Now all of these sounds tiring to me! Add to that two adorable kids that had come into my life to the equation. I was busy and tired, but most importantly I was decided to change things for better and I knew I needed to compromise for a little while before I could reach some of the goals I had. A gazillion years later, I earned my AS, yay! At that point even though a BA/BS was still the goal, it had been pushed to the back burner as I had finally gotten a job at the hotel with a regular schedule and banker hours, yay! Since then I have taken several classes of things that interest me: film photography class, health related classes, and just recently I took a graphic design class where I learned about the use of typography for digital imagery. As I mentioned at the beginning, I am working with a very respected company and if I chose to, I can have a great future here as an administrative professional. That is good news, but while I am not trying to diminish my own role, I don’t think it will be enough to satisfy my urge of challenge and continuous learning.

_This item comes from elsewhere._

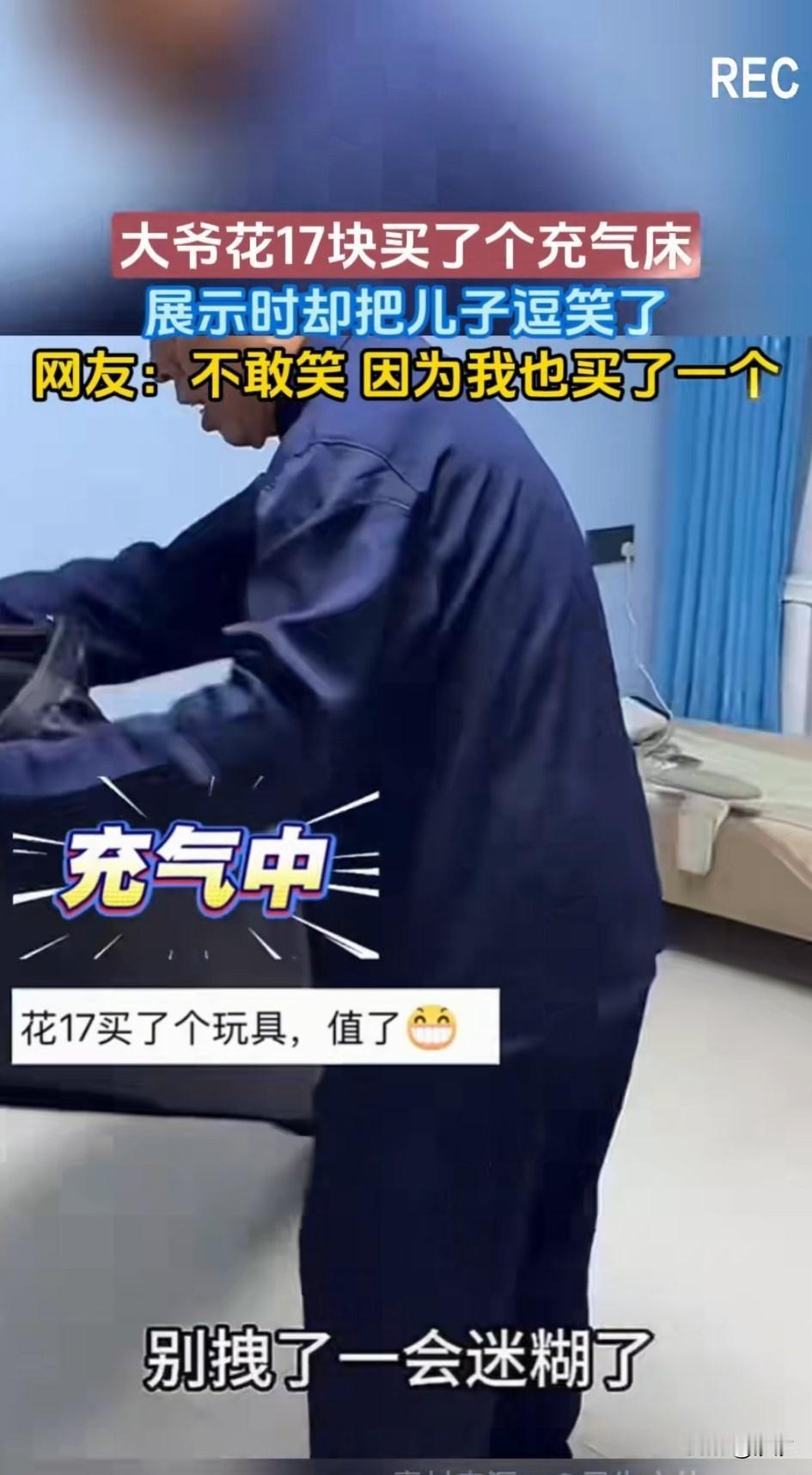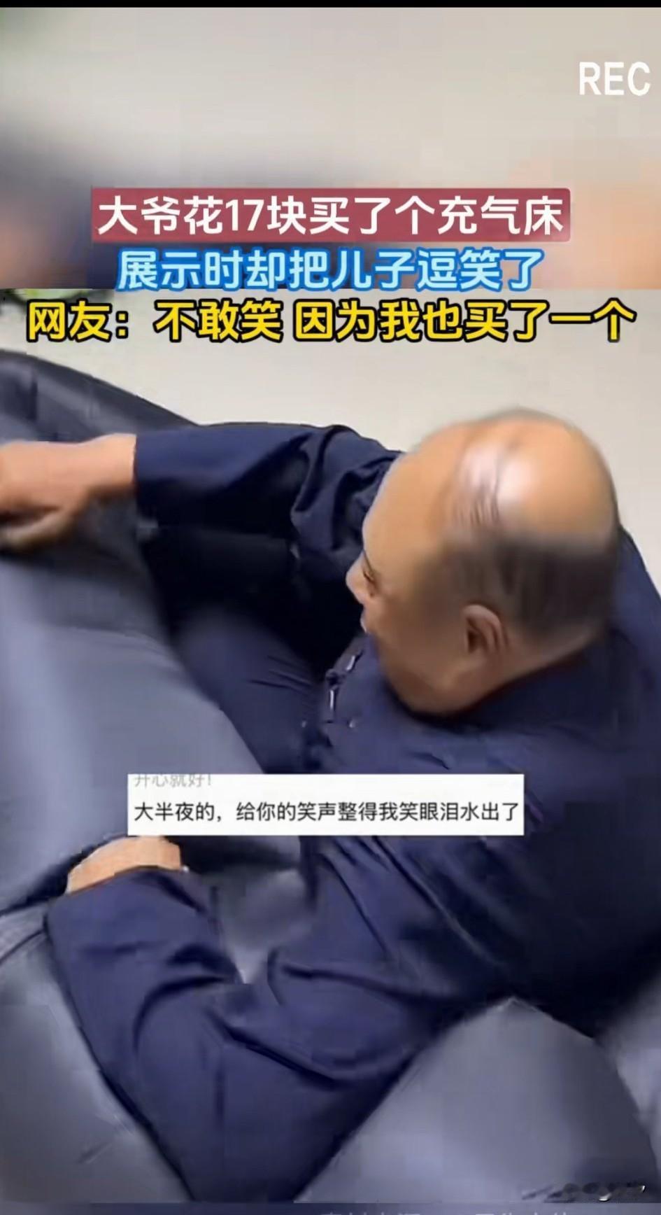 大爷学会网购后就乐此不疲, 这回又买了一个充气床, 只花了17块钱, 觉得的自己

My current plan includes taking additional classes to become a personal trainer. My husband swears there is no future there but this is a passion of mine. I would enjoy very much helping others reach their fitness goals and become healthier. Also this is something I can do on the side. I will take more graphic design classes. Graphic design freelancer anyone? I enjoy very much creating invitations for my kid’s parties and not only I want to get better at that but also learn more about digital arts. And when my little ones are a bit older, I will enroll in a university, kick ass in class, and earn my next degree. Boom!
I find the idea to limit ourselves to one profession sad. Sure, you might be happy with what you do and I am sure you are really good at it too, but why not learn new things? Our brains are so amazingly capable of it and many people chose not to use that power. Educating ourselves in different topics is good because you don’t want to blindly believe, trust, or do what the others are doing without having your own opinion. I think educated people can easily mingle with anyone from any society level or background and find a topic that interests both. Let me be clear that you don’t want to do this to be a smart ass and think you are better than others. Do it because knowledge is power. Power to make informed decisions, informed comments, and even help others with your gift. You might be an amazing cake decorator but you don’t know that yet because you haven’t bothered to give it a try. You might have an artistic side that you haven’t explored and it deserves the opportunity to be shared with the world. I think the more you know, the more you bring into the world, the luckier we are to have you!